Never in a million years would I have thought you could achieve such feats with an iPad or even an iPhone. You can, it seems, with a few simple taps in a ridiculously cheap app.
Snapseed from Nik Software is my new best friend, and a serious boon to the lazy artsy photographer like myself. I’ve discovered I can do pretty much all the stuff I used to do in Adobe Photoshop, the online service Picnik (which Google is shuttering in April), and Nikon’s own View NX software. But now I can do it all in one place, wherever I may be (on my iPad 2!) and output pretty much the same full-resolution quality images. It’s no wonder it was voted App of the Year in 2011.
For me, I used to use different pieces of software for different purposes. I’m the kind of photographer who’s pretty comfortable leaving my Nikon D60 on auto-pilot, or at the very most, on aperture-priority. Recently, I’ve thrown a new lens into the mix and have worked hard on honing my skills at visual composition, lighting and such. But most often, I don’t bother to do all the manual settings I have available to me as I’m shooting. I set my D60 to save RAW files, and I use View NX to do much of the intensive tweaking after the fact.
When I wanted to do some more visually-striking effects and modifications to my photos, I’d have to turn to other software like Photoshop or even Picnik. I love the wealth of bold, visually-diverse effects I can apply to really make my photography — however meager it may be in artistic value — really stand out.
One day, I found Snapseed in the iTunes App Store, and it was on sale for the rock bottom price of free. I rarely turn down opportunities to download paid apps when they’re available for free, even if I don’t keep them on my iPad. But once I started using Snapseed, I was hooked. Even at its regular price of a few bucks, it’s worth the cost a hundred times over. Not only can I do the fairly mundane tweaks like brightness and contrast, but also some really amazing effects as well.

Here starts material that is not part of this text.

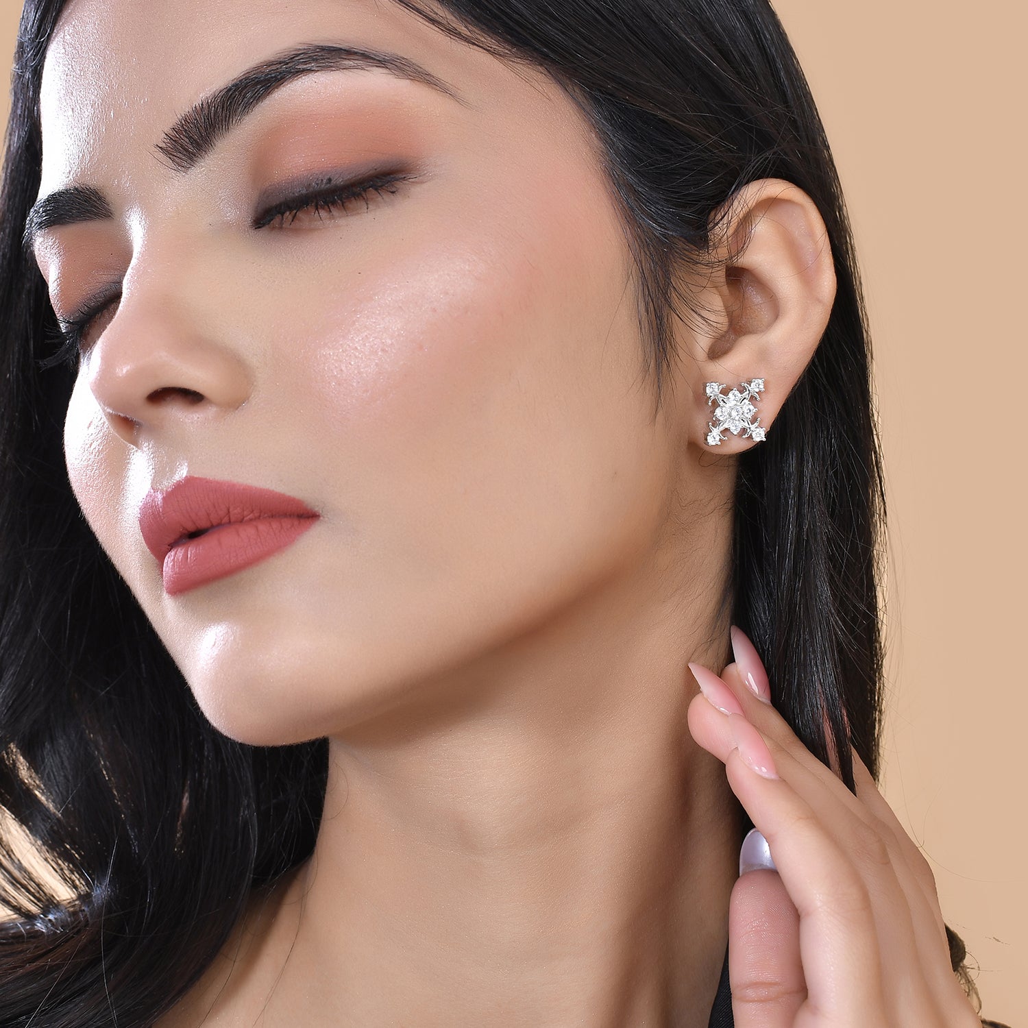 Step into a world of timeless romance with our Renaissance Floral Stud Earrings, The intricate floral design is adorned with sparkling cubic zirconia stones, evokes a sense of timeless beauty reminiscent of the Renaissance era. The lustrous white rhodium plating enhances the silver's radiance, symbolizing the purity and depth of your special connection.

If you have an iPad, I would highly recommend picking up Apple’s Camera Connection Kit. Not only can you copy your photos from your camera or SD card to your iPad, you can copy the RAW files from your digital SLR cameras for the highest possible quality. Snapseed supports both RAW and JPG files. Once you load up a photo, you are presented with a simple set of tools that are titled and arranged for easy accessibility for both novices and the skilled alike. When you select a tool, it’s as simple as swiping your finger left and right to select the amount of effect you want to apply. Swiping up and down lets you toggle through a subset of other adjustments you can make within the tool. For example, under the “Tune Image” tool, you have options for brightness, contrast, “ambiance,” saturation, and white balance. The latter was a key tool for me, as setting custom white balance was a key thing I looked in an alternative to Nikon’s View NX.

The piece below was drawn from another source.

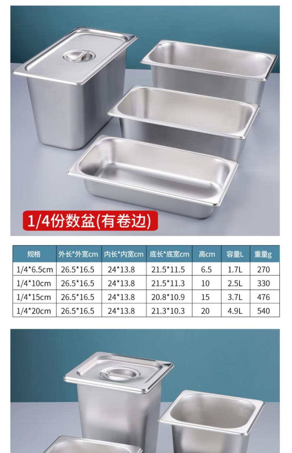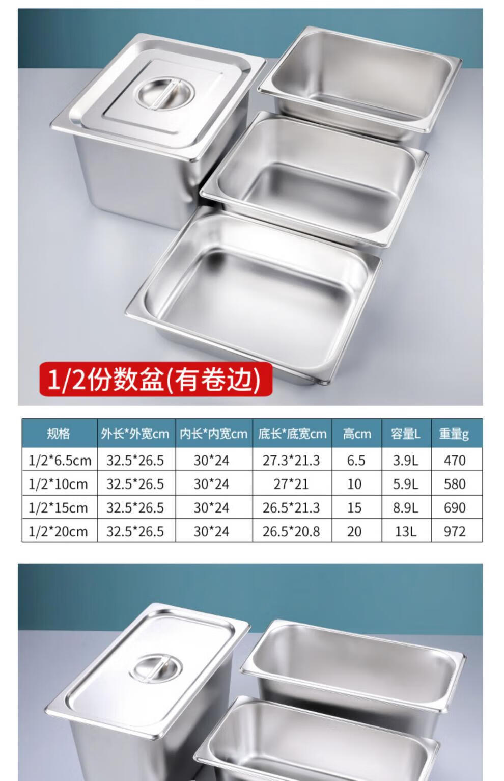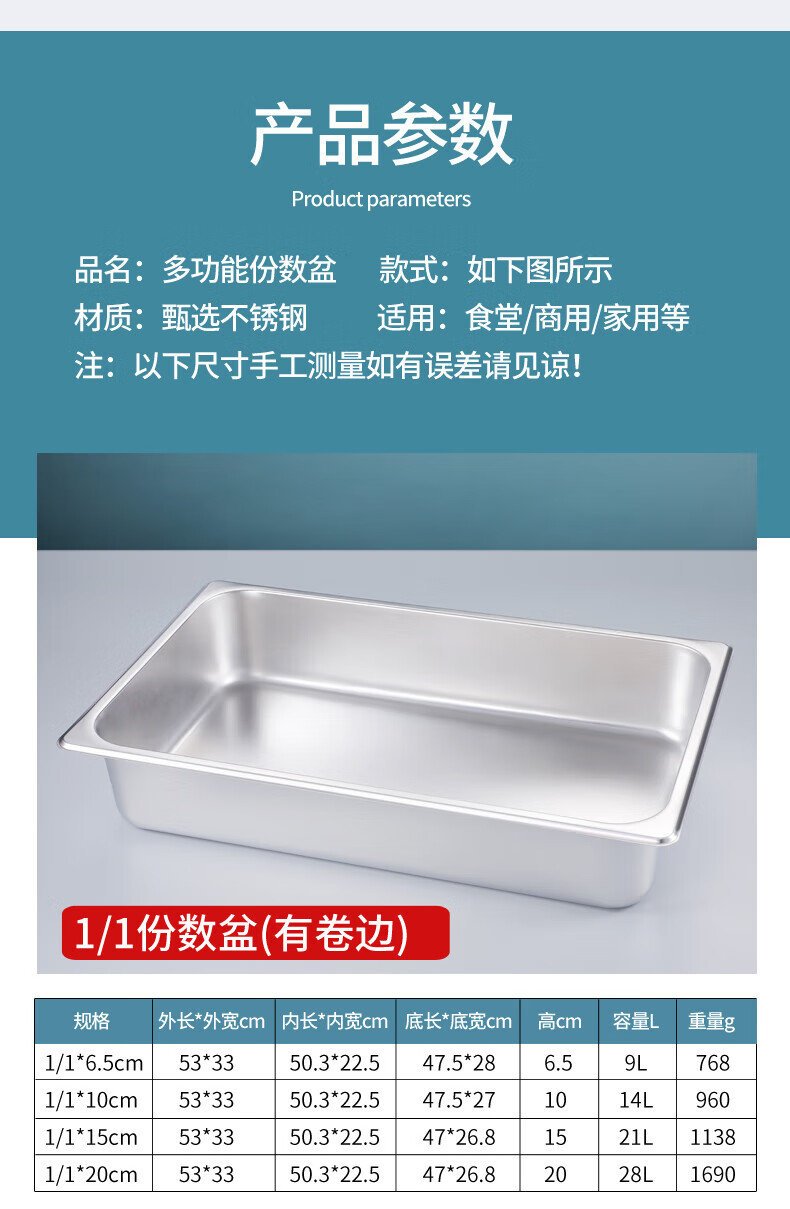 • 商品名称:莱羽炫不锈钢份数盆长方形盆带盖商用 【1/3】32.5*17.5*10cm 高 特厚 【1/3】32.5*17.5*10cm 高 特厚/个

The user interface is extremely well-designed. It’s elegant in its simplicity, but smart in its offerings. Certain tools give you a “loupe” tool that allows you to hone in on the detail of the image as you adjust so you see precisely how you’re affecting things. The press-and-hold toggle “Compare” button is a great way to flip between the before and after of your modifications. Undo’s make it easy to go back and try different things and learn about how combinations of effects produce different end results, and the revert option brings you back to the original to start from the beginning. My favorite of the tools is the “selective adjust,” which allows you to drop multiple “control points” to which you can adjust the brightness, contrast and saturation of specific areas of your photo.
The results you get are truly amazing, and contrary to mixed reviews on the App Store, you can save full-resolution JPG files out of Snapseed (up to 16 megapixels on the iPad 2). At first it wasn’t working for me, but after some diligent web searching, I think I found the key to making full-resolution output work. It seems you have to enable “Location Services” for Snapseed in the Settings of your iOS device. I’m not sure why that is, but it seems to be the thing that made it work.

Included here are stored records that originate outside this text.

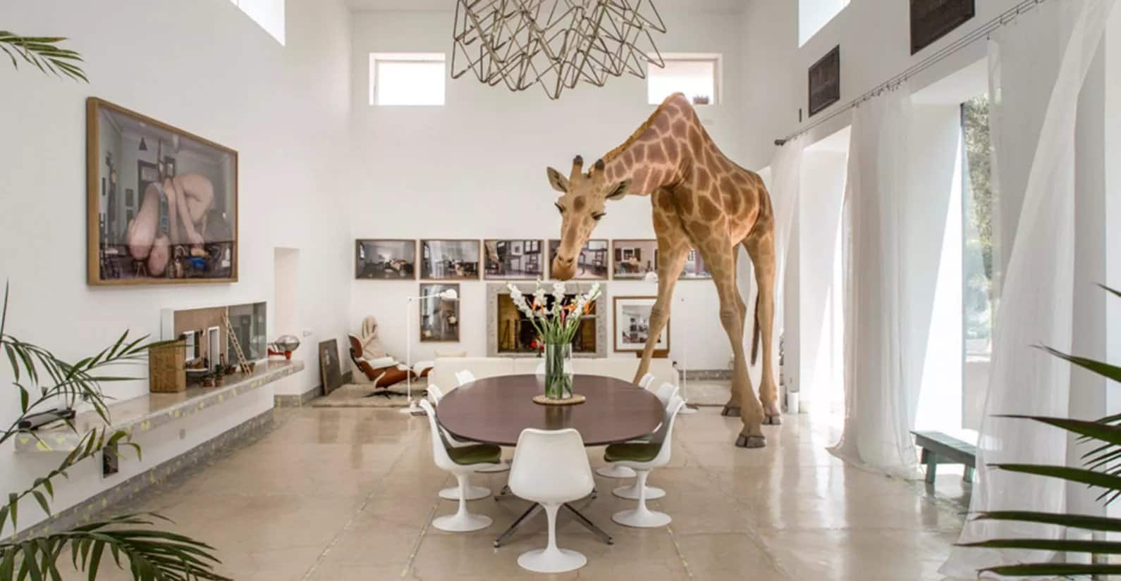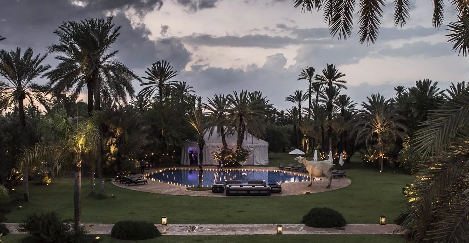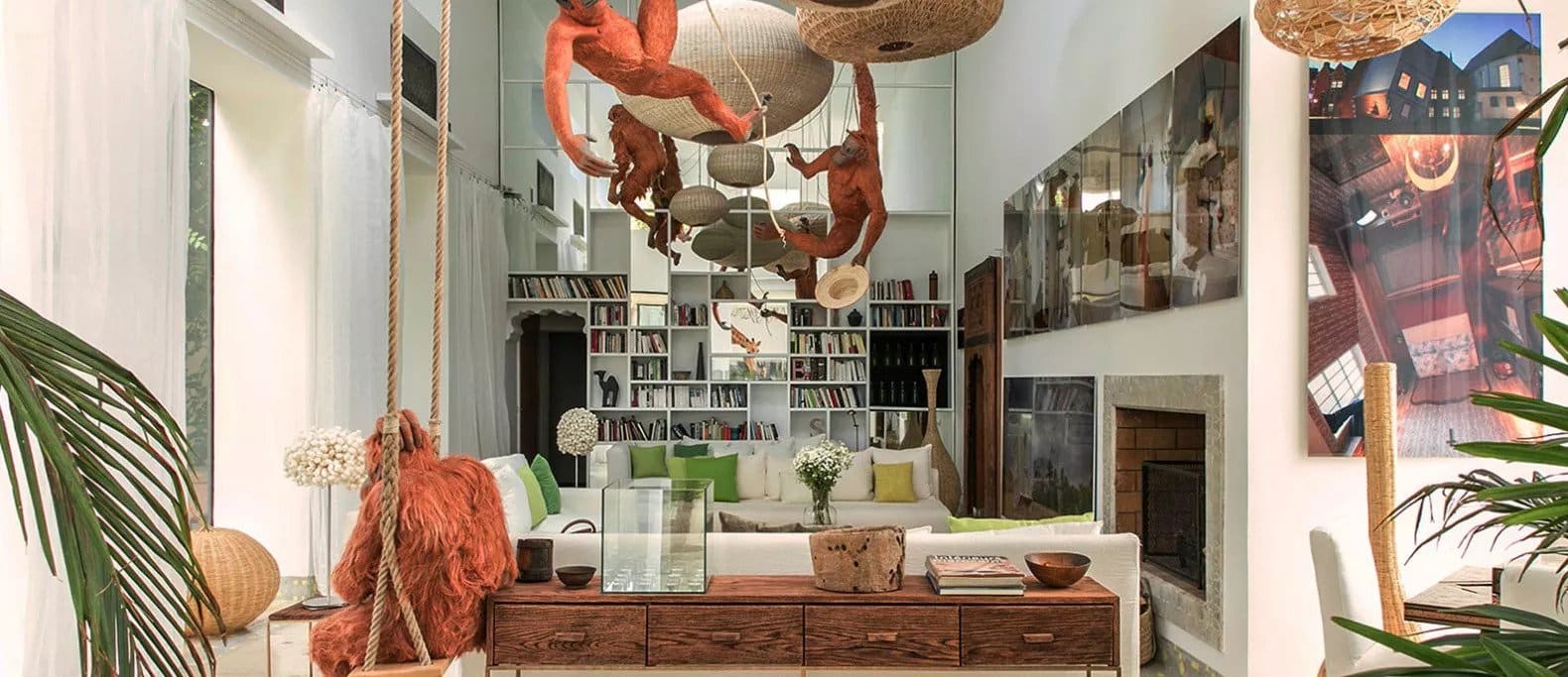 A 15 minute drive from the ‘Red City’, within the Palmeraie of Marrakech, you will find the exotic haven of artist Jean-Francois Fourtou. As an outsider one might never imagine the enchanting world that awaits within the perimeters of the 25 acre estate but as soon as you enter the grounds you are slowly introduced to the quirks of the property. From sculptures of mischievous orangutans swinging from the ceiling to giraffes munching on flower arrangements from the dining room table. In the garden, indulge your childlike impulses and explore Fourtou’s sculpture garden from the Fallen From The Sky to the Giant’s House. Originally the artist’s home, the fully staffed villa is now up for private hire, inviting guests to explore the lush gardens of the estate, wander through the olive grove maze, relax by the pool in the mimosa courtyard and get lost in the playful world of Dar El Sadaka.
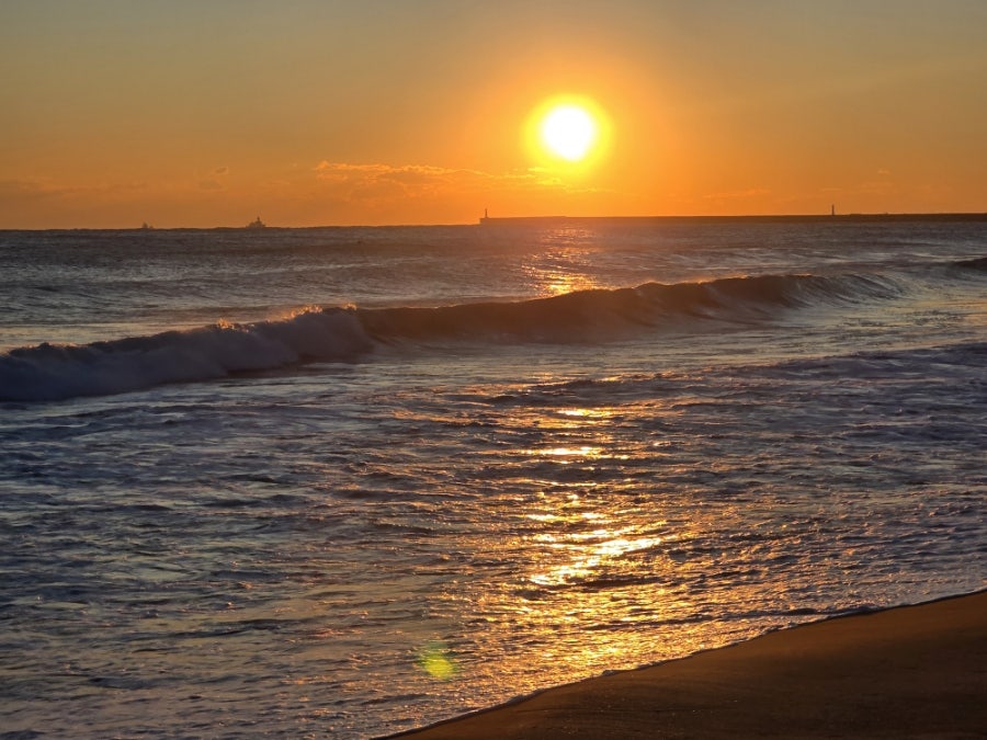 바람이 많이 부는 날이라 파도가 거칠게 몰아 쳤다. 세차게 왔다 갔다 거리는 파도 너머로 붉은 해가 떠오르기 시작했다. 거친 파도와 달리 해는 아주 곱게, 부드럽게 솟아 올랐다. 휘몰아치는 파도 소리와 가끔 들리는 갈매기 소리, 그리고 웅웅거리는 바람소리만 들려오던 바다. 갓 떠오르는 태양 앞에서 숨을 들이마쉬니 어찌나 상쾌하던지.
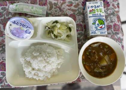 ビーフカレー(米粉)、野菜のピクルス、ぶどうゼリー、牛乳です。
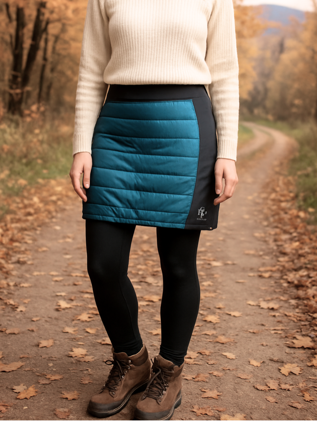 Stylová a funkční lehká sukně v  petrolejové barvě s hřejivým kožíškem která je nejen elegantní, ale také praktická. Ideální nejen do města, ale i na zimní aktivity jako běžky či procházky v přírodě. Tato sukně je módní, ale i funkční doplněk, který oceníte v každé zimní situaci

And boy does it work! I was skeptical about how well an iOS app could make DSLR photos look, so I decided to get a large blowup print made of one of my Snapseed creations. I ordered a one-hour 20×30″ enlargement from my local Sam’s Club photo department, which I think is a steal at just nine bucks. I was blown away by the quality, the sharpness and the bold look I was able to create without any of my photos even touching a computer (except for the online ordering of the print). I bought an 18×24″ barnwood frame from my local hobby store to hang it up in my house because I was so blown away by the result (see photo #4 on the left).
If you’re even a mildly-serious photographer who loves instant gratification, Snapseed is a great tool to have. Pair it with an iPad 2 and the Apple Camera Connection Kit, and you have a complete lens to print solution that fits entirely in your camera backpack. If you have a 3G iPad 2, you could tweak your photos and send them to your Flickr account right from the wooded trail you took them on. That, I have to say, is what gets me excited about technology — the prospects of boundless creativity made accessible and affordable wherever you are.